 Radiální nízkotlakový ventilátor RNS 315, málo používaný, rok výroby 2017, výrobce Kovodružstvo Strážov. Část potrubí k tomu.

━━━━

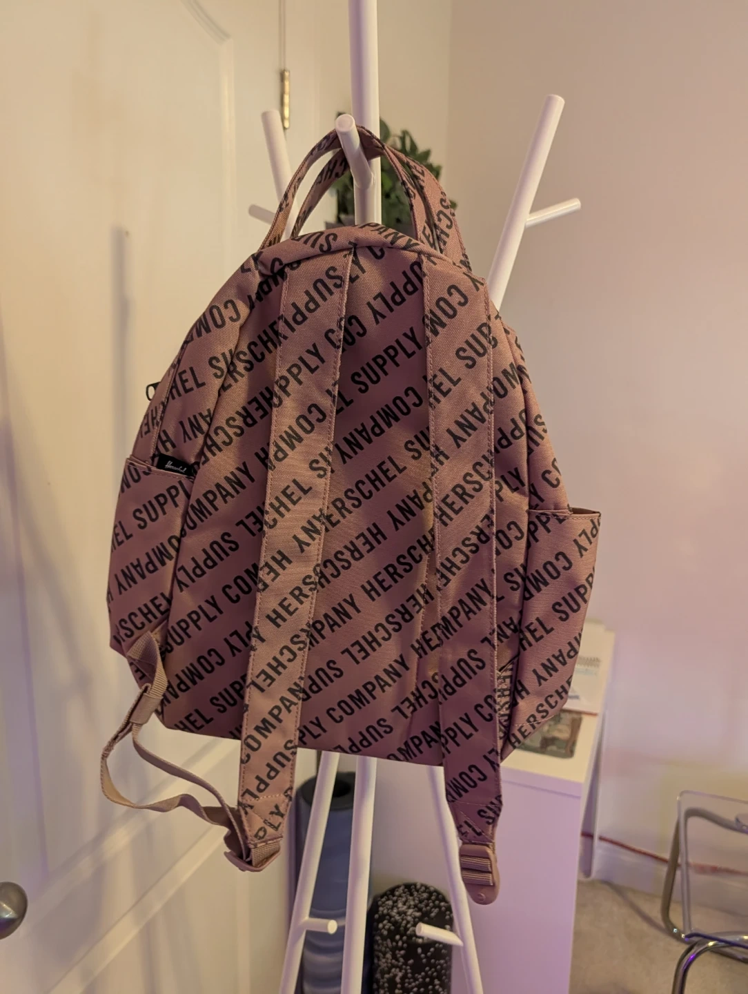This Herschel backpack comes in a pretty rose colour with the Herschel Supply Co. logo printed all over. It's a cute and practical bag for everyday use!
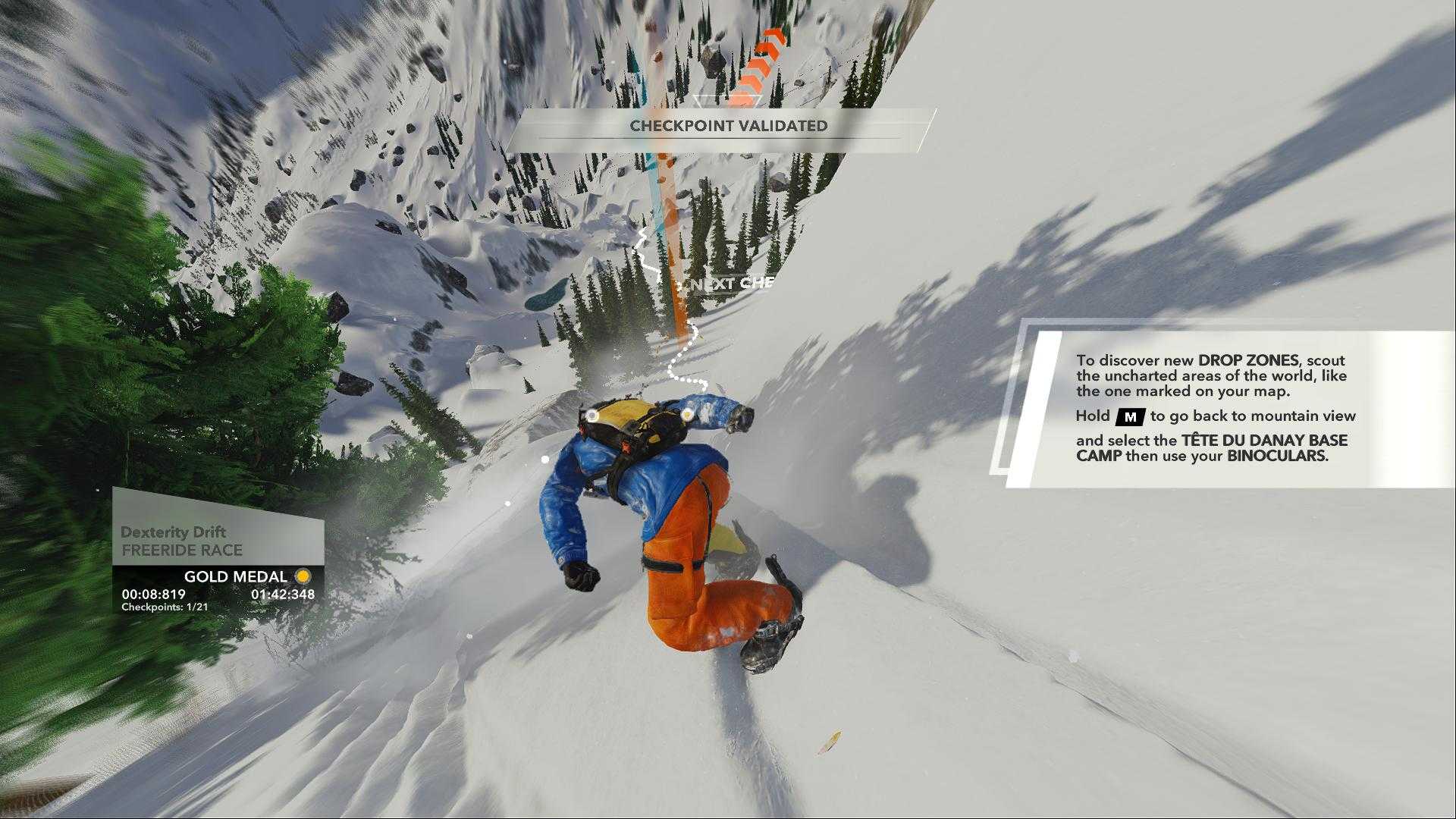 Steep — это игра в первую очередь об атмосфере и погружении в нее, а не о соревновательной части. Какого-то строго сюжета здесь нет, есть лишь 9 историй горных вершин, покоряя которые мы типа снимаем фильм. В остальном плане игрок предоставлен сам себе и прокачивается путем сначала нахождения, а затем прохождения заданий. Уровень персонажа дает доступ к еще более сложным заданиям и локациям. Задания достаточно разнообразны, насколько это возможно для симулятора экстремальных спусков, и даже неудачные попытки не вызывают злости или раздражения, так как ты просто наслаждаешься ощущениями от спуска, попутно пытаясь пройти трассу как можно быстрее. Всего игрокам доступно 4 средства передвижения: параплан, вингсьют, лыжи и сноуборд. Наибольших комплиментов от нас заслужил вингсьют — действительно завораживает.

━━━━

Try it
Print everything from the line with "This Herschel backpack" down to the line with "Steep — это" in the entries above, both lines included and nothing more, without the pictures.

Solution for this problem
This Herschel backpack comes in a pretty rose colour with the Herschel Supply Co. logo printed all over. It's a cute and practical bag for everyday use!
 Steep — это игра в первую очередь об атмосфере и погружении в нее, а не о соревновательной части. Какого-то строго сюжета здесь нет, есть лишь 9 историй горных вершин, покоряя которые мы типа снимаем фильм. В остальном плане игрок предоставлен сам себе и прокачивается путем сначала нахождения, а затем прохождения заданий. Уровень персонажа дает доступ к еще более сложным заданиям и локациям. Задания достаточно разнообразны, насколько это возможно для симулятора экстремальных спусков, и даже неудачные попытки не вызывают злости или раздражения, так как ты просто наслаждаешься ощущениями от спуска, попутно пытаясь пройти трассу как можно быстрее. Всего игрокам доступно 4 средства передвижения: параплан, вингсьют, лыжи и сноуборд. Наибольших комплиментов от нас заслужил вингсьют — действительно завораживает.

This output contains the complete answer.